Long holding periods and patient capital

A defining feature of Lu’s approach is the length of his holding periods. It is not uncommon for Himalaya to hold a position for 10, 15, or even 20 years. This contrasts sharply with the typical institutional fund, where portfolio turnover is measured in years, and with hedge funds, where positions often last months or weeks.

Long holding periods have several advantages. First, they reduce transaction costs and taxes. Second, they allow the underlying business to compound. A company with a 15% return on equity that is held for 20 years will generate far more shareholder wealth than one that is traded in and out. Third, they insulate the manager from the noise of short-term price fluctuations and market fashions.

The psychological requirement is formidable: Lu must be comfortable being wrong about timing. He might buy a stock at $20 that falls to $10 before rising to $100. A manager measured on quarterly performance would have abandoned the position. Lu, by contrast, treats the dip as a gift—a chance to add at even lower prices if the thesis remains intact.

Criteria for entry and holding

Lu’s entry criteria are stringent. He typically seeks:

Durable competitive advantage (an economic moat): a company with switching costs, network effects, cost leadership, or unique assets that protect earnings from competition. A commodity producer without a moat would rarely qualify.

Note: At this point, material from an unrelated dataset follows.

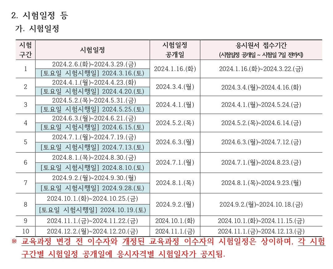 총 10회차 시행되며 구간별 확정 시험일은 시험일정 공개일에 공개됩니다. 응시자격을 갖춘 상태에서는 시험에 언제든 응시할 수 있습니다.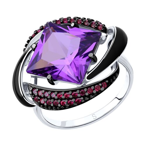 [NAME] => Кольцо из серебра с эмалью с сиреневым ситаллом и красными фианитами

Management quality: honest, capable leadership with skin in the game (meaningful personal shareholding). Lu has spoken extensively about the importance of management character and incentive alignment.

Valuation margin of safety: he targets situations where the stock trades at a meaningful discount to his estimate of intrinsic value, often 30% or more. This margin provides cushion if his thesis is partially wrong.

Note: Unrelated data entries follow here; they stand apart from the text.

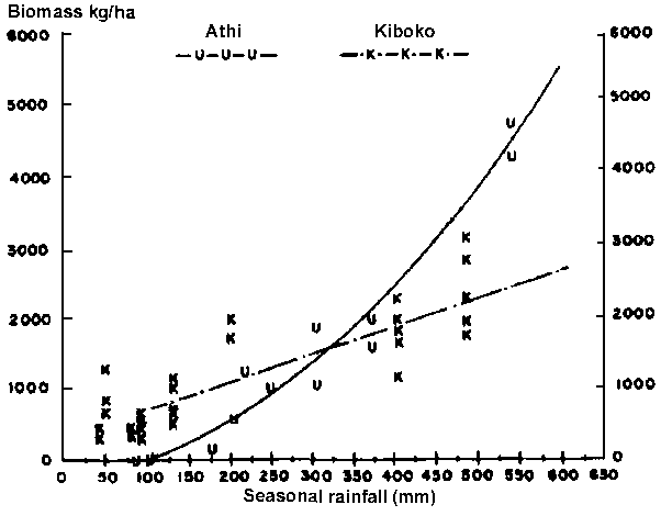 However, responses to rainfall in Tsavo were twice as high as in Kiboko (8.0 and 4.1 kg DM/mm of rain respectively) although the latter site receives more rainfall. This is most likely due to differences in grass cover density. The average density in Tsavo was 60% whereas Too (1985) reported that herbaceous cover in his trial area varied from 15-40%.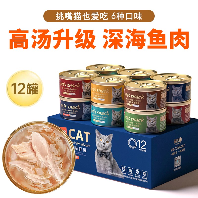 味当家猫零食猫罐头 进口金枪鱼原料升级白肉高汤罐成幼猫咪怀孕补充营养 混合口味 85g*12罐【整箱装】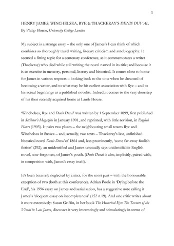 Title: | Henry James, Winchelsea, Rye, and Thackeray’s Denis Duval |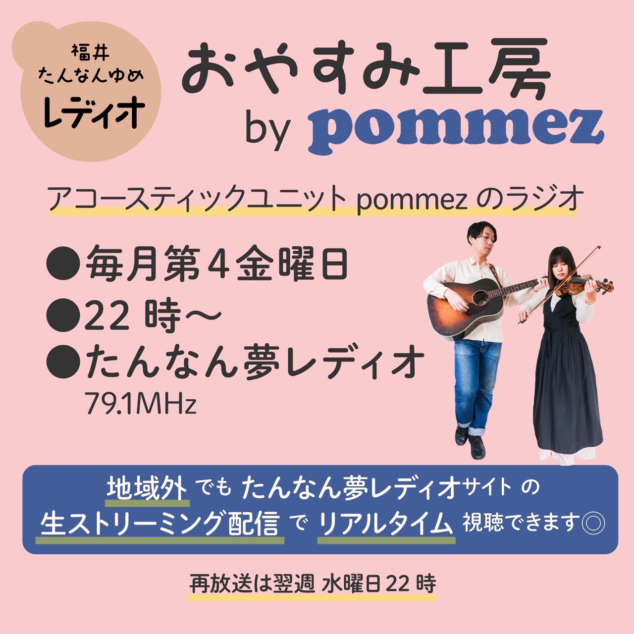 毎週金曜日、福井県鯖江市のたんなん夢レディオで22時よりオンエアーしている、おやすみ工房!

Accounting transparency: he prefers to understand the business through clear financial statements and avoid accounting chicanery. A company with opaque, complex structures raises red flags.

Holding discipline is equally important. Lu will typically hold through business cycles, waiting for the market to eventually recognize the value he identified. However, he will exit if: the investment thesis breaks (the competitive advantage erodes, management quality deteriorates, or a better opportunity elsewhere is more compelling); the valuation becomes full or excessive relative to alternatives; or his original analysis was simply wrong.

Influence and legacy

Li Lu’s influence extends beyond his personal returns to his role as a thought leader on value investing and circle of competence. He is a regular speaker at academic forums and investor conferences, and his insights have shaped the approach of many emerging managers, particularly those focused on Asian markets.

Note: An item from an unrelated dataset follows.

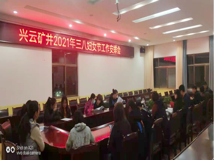 在迎接第111个“三 .八”国际妇女节,同时是建党100周年的喜庆节日来临之际,兴云矿井工会根据后所煤矿工会的工作安排,于2月24日组织矿井三个连队负责人及部分女职工代表23人召开了“三 . 八”节活动工作安排部署会议。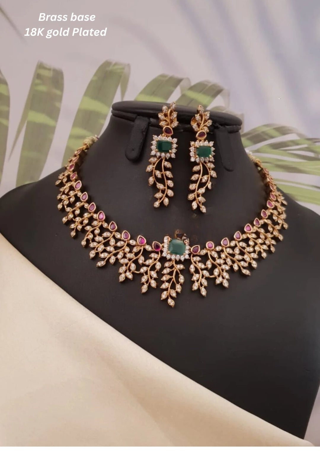 Pure Zirconian Gold PlatedDiamond Stone Necklace With Earrings g 101150

His demonstration that concentrated, high-conviction investing can work at scale—Himalaya Capital has managed billions in assets—provides a counterpoint to the quantitative, diversified approach that dominates institutional investing. This is not to say his way is superior; rather, it shows that multiple paths to generating investment returns exist, and the path chosen depends on temperament, research capability, and access to information asymmetries.